━━━ DATA FOR ANALYSIS ━━━

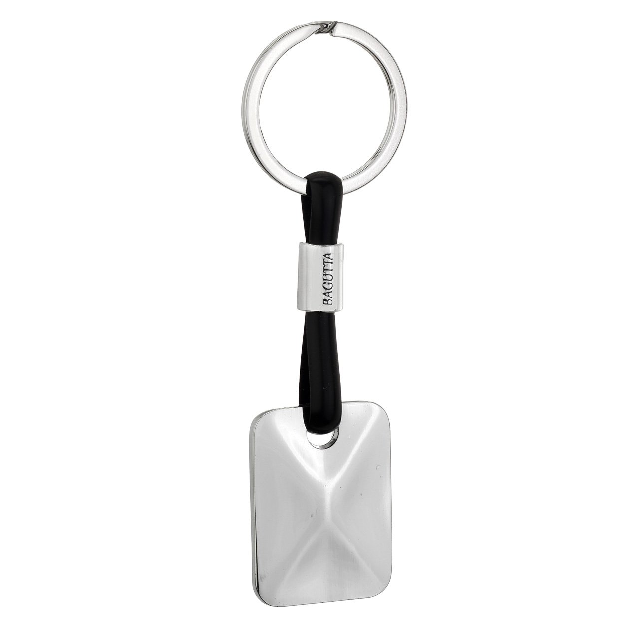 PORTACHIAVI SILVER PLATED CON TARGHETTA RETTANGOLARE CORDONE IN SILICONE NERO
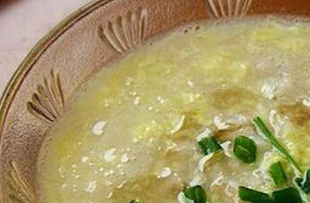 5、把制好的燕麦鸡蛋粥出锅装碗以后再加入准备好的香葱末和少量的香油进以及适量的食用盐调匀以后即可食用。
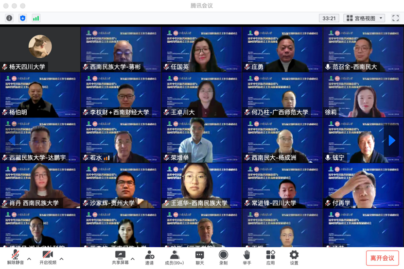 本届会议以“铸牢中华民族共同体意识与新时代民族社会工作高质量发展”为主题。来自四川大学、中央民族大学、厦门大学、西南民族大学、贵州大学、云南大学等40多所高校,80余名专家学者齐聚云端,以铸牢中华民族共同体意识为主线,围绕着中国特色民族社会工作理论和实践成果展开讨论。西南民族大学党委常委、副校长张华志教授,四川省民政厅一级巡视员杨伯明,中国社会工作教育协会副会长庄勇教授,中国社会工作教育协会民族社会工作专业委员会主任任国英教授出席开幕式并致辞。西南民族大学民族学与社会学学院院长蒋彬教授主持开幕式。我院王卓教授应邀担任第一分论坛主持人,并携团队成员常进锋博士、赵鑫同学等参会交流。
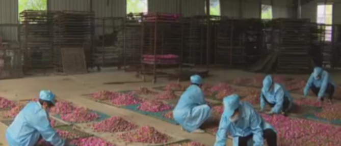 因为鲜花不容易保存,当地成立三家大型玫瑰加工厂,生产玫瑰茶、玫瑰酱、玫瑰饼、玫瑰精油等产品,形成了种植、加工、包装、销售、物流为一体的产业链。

━━━
━━━ DATA FOR ANALYSIS ━━━

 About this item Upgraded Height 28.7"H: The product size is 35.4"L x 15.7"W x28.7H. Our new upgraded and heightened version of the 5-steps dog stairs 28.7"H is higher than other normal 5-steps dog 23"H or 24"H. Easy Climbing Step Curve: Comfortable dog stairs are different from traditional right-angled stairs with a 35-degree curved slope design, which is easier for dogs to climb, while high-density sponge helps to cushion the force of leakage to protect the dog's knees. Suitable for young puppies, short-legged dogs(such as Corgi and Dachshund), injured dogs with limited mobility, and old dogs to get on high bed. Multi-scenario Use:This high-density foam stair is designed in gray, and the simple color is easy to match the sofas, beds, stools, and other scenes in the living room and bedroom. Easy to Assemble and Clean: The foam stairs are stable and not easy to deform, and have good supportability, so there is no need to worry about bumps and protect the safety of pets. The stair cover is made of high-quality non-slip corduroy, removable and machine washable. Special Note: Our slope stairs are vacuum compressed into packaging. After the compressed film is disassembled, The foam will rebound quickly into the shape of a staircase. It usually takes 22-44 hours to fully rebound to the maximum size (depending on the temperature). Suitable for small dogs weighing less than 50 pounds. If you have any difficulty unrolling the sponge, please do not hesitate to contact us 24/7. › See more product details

━━━
━━━ DATA FOR ANALYSIS ━━━

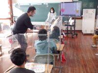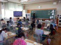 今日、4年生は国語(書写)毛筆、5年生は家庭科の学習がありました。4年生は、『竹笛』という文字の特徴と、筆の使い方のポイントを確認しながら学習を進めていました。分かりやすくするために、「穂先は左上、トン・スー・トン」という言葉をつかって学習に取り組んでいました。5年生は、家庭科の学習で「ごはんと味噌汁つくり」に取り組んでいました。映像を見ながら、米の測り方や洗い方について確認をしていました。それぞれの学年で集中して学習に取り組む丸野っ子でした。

━━━

■ ACTION ITEM ■
Leaving each picture behind, please give again exactly the lines above from the one with "PORTACHIAVI SILVER PLATED" through the one with "因为鲜花不容易保存,当地成立", both included, and no others.

■ RESULT ■
 PORTACHIAVI SILVER PLATED CON TARGHETTA RETTANGOLARE CORDONE IN SILICONE NERO
 5、把制好的燕麦鸡蛋粥出锅装碗以后再加入准备好的香葱末和少量的香油进以及适量的食用盐调匀以后即可食用。
 本届会议以“铸牢中华民族共同体意识与新时代民族社会工作高质量发展”为主题。来自四川大学、中央民族大学、厦门大学、西南民族大学、贵州大学、云南大学等40多所高校,80余名专家学者齐聚云端,以铸牢中华民族共同体意识为主线,围绕着中国特色民族社会工作理论和实践成果展开讨论。西南民族大学党委常委、副校长张华志教授,四川省民政厅一级巡视员杨伯明,中国社会工作教育协会副会长庄勇教授,中国社会工作教育协会民族社会工作专业委员会主任任国英教授出席开幕式并致辞。西南民族大学民族学与社会学学院院长蒋彬教授主持开幕式。我院王卓教授应邀担任第一分论坛主持人,并携团队成员常进锋博士、赵鑫同学等参会交流。
 因为鲜花不容易保存,当地成立三家大型玫瑰加工厂,生产玫瑰茶、玫瑰酱、玫瑰饼、玫瑰精油等产品,形成了种植、加工、包装、销售、物流为一体的产业链。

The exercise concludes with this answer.